Having been classified only by size, the chemistry and properties of particles collected on any given filter are likely to vary substantially. For convenience, I defined the three subgroups shown in the schematic and rough estimates of their relative health effects. The mean particle sizes increase from left to right, typically 0.3 μm, 1.0 μm, and 2.0 μm. Typical sources include combustion products, reactions with SO2 and NOx, and dust from traffic or construction. The point here is the apparent inverse relationship between abundance and health risk.

Indoor Air Quality

No linear relationships between indoor and outdoor NO2 or PM were reported.

Even though about half of outdoor air pollution is expected to penetrate indoors, the indoor environment is likely to differ. Indoor air quality data are sparse, but we might expect the following:

  • Little or no SO2 or O3 because of reactions with or deposition onto interior surfaces and the absence of indoor sources.
  • Minimal CO, thanks to wall monitors that alarm dangerous situations.
  • NOx from both outside air and indoor sources like gas stoves.
  • PM in all size ranges, from ultrafine cigarette and candle smoke to coarser particles from pet dander or household dust and infiltrated outdoor fine particles.

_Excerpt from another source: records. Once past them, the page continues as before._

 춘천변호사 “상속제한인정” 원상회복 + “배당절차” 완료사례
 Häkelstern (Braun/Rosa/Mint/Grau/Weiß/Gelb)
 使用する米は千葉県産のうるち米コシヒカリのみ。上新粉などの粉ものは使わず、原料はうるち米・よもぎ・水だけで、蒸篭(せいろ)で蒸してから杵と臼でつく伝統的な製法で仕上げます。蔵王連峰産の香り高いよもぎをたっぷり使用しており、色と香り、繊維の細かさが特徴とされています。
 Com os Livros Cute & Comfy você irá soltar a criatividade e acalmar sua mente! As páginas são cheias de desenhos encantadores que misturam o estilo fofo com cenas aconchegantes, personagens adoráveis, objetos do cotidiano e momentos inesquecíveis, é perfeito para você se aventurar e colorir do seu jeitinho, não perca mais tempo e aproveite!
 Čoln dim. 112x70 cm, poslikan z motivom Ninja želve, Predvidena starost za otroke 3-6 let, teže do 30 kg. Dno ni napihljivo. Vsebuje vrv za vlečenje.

Another indoor source of PM exposure is the “personal cloud,” the air around you. The difference between measurements up close and personal and nearby in the room. It has been interpreted as shedding from skin and clothing and brings to mind the Peanuts character, Pig-Pen. In any event, our personal cloud reinforces the importance of individual behavior on the essential distinction between outdoor community concentrations reported in epidemiologic studies and the actual personal exposures that may affect short and long-term health.    

Implications

The differences between indoor and outdoor air quality have often been noted, but the epidemiological implications have not, with long-term mortality, for example.

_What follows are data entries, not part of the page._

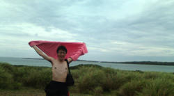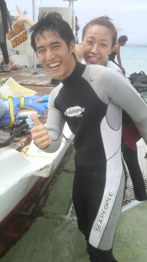 二日目! 昨日までの雨の予報は、一夜明けると午後6時まではずっと晴れという神懸かった観測に。 よだれ姫(エコさん、晴れ女)、恐るべし。 今日は朝からダイビング! 港からボートに乗って、一気に無人島へ。 そこでシュノーケリングの講習を受けたり、アクアラングの使い方を覚えたりしました。 そこから別の島に移動し、カレーを食べてしばらく散歩。 カヤマ島の標高19mの山頂からは360度の海が見えました。 で、ポイントまでビューン。 生で見るサンゴ礁、ハンパねぇ。 昨日のグラスボートから見た景色がさわれる場所に! うっわ!!(*´Д`) 赤・青・黄色のサンゴの隙間から見たことない綺麗な魚がコンニチワですよ!! ニモ(クマノミ)だ!!ニモ!! そんなかんじで僕ら4人一組で潜ったんですけど。 水中では喋れないので、コミュニケーションの手段としてハンドサインが決められてるんですよね。 普通「了解」を表す親指を立てるサインは「浮上(上に上がれ)」を表すので、了解はOKサインを作らないといかんのです。 一通り海の底を散策した後、最後のインストラクターさんとのやり取り。 (メッセージボードで) 「ここのサンゴ礁、あと40年くらいしたらなくなっちゃうかも…/それまでにまた来てくれますか?」 おれ(OK!!) ツネ(OK!) きょんちん(う、OK!) エコさん (上に、行かせろ!!) っていやいやいやいや!! 僕、思わず二度見しましたがな!! きょんちんは一瞬間違えてすぐ訂正したけど、エコさんは何の迷いもなく親指を上に突き立ててました。 大川さんはやはり神懸かっている。 この時に限らずインストラクターさんとの軽妙なやり取りで何度も「wwwwwwww」ってなってしまい、たくさん気泡を吹きましたとさ。 写真がぜんぜん撮れなかったのが残念…。 石垣島に戻ってから食ったペンギン食堂のギョーザが絶品でした。 今日もほぼイキかけました。 ちなみに下の写真は石垣島でしか売ってない(多分)乳酸菌飲料、ゲンキクール。 意外に飲んだことない味だと思ったけど、ツネ曰く 「ガリガリ君を溶かした味」 だそうです。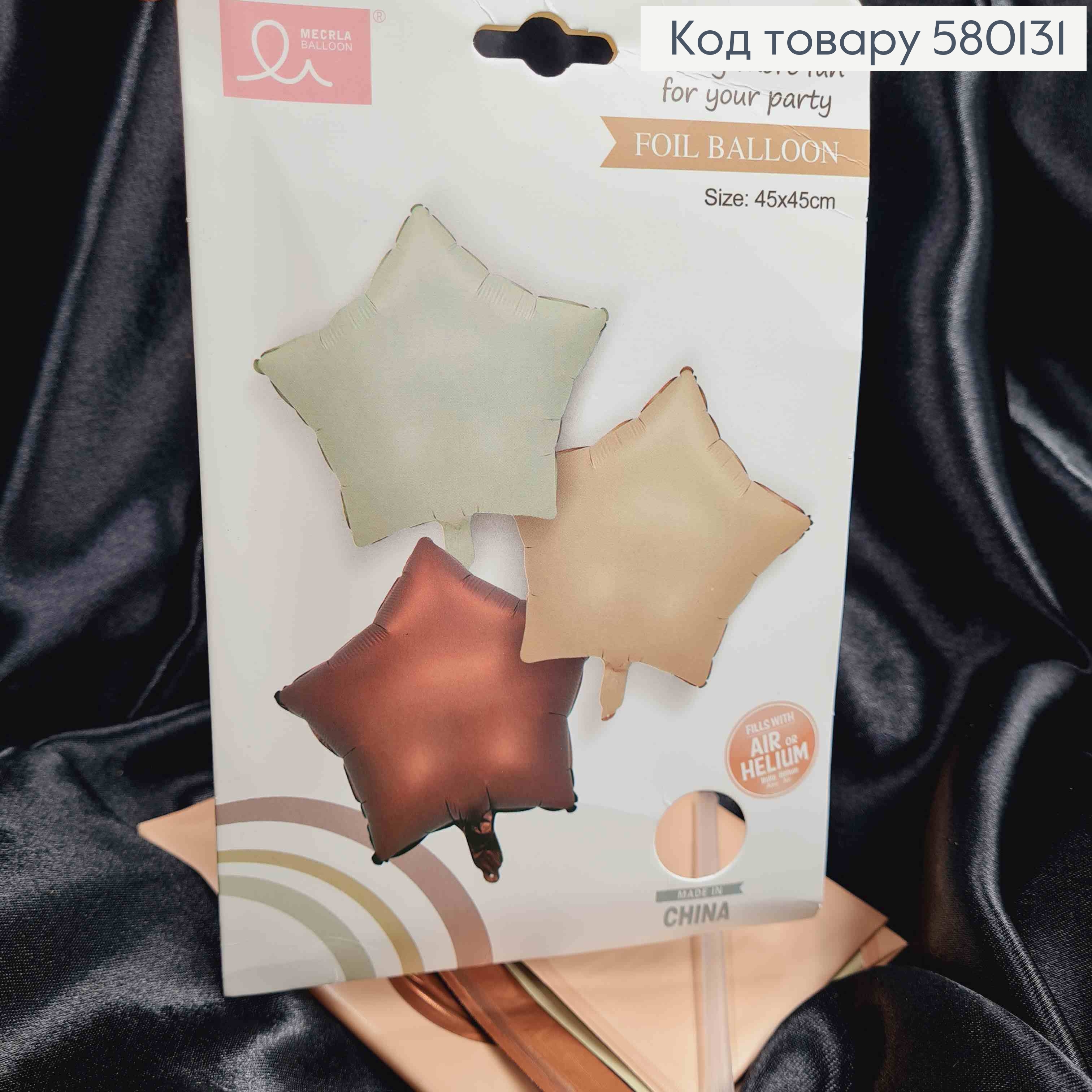 Фольгированные шарики "Звездочки", 3шт/уп, Свет бежевого/бежевого/коричневого цвета, 45*45см,18''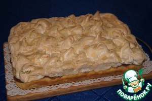 Температуру снизить до 150*С и печь пирог, пока пена не загустеет и слегка не зарумянится. Тут надо постоянно следить и регулировать температуру в духовке, чтобы белки не подгорели. Я несколько раз то увеличивала, то уменьшала температуру. Короче, отходить нельзя! -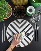 A celebration of art, fashion, and fine porcelain, the Sol Y Sombra Bread and Butter Plate brings bold sophistication to your table. Designed in collaboration with Maison Christian Lacroix for Vista Alegre, this piece fuses contemporary design with timeless craftsmanship. The striking black-and-white striped watercolor motif is enhanced with shimmering hand-painted details in platinum and 24k gold, creating a dynamic interplay of light, shadow, and metallic brilliance.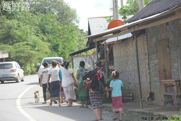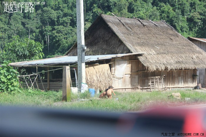 老挝的房屋,老挝的小盆友在洗白白。(LP坐在车里拍的照片,所以照片的下面有点失真)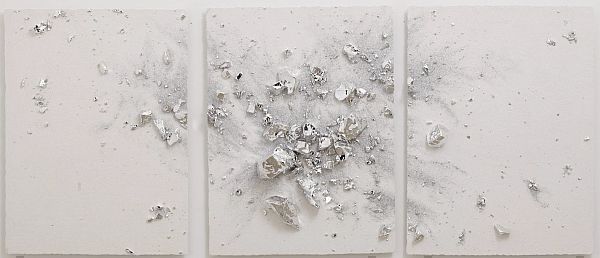 Zhan’s Universe (2012) at the Singapore Tyler Print Institute is materially and thematically fashioned after My Personal Universe, employing – in a vastly scaled-down version – similar artistic processes and reiterations of the physical dimensions of shattered rocks. Lacking the flashy pizzazz of its predecessor and constrained by certain spatial parameters, the mode of production and the materials differ in this show; rocks were shattered with a sledgehammer instead of a dynamite, and later re-assembled as aluminium-coated replicas on paper slabs and on highly polished mirrors. The original rock fragments were pounded by hand into fine sediment and mixed with cotton pulp to produce a solid paper base; the resulting effect is one which reveals the natural mineral pigments of clay, slate and granite.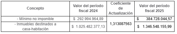 Los importes que se actualizan para el período fiscal 2025, serían los siguientes:

  • Regressions based on outdoor air quality may indicate dying in the presence of pollution but not because of pollution.
  • Findings from these outdoor regressions are the only means we have to judge the importance of indoor air quality.
  • Indoor air quality is based on individuals' homes and behavior, varying substantially within the catchment area of an outdoor monitor.
  • We have no independent information on individual survival as a function of indoor quality.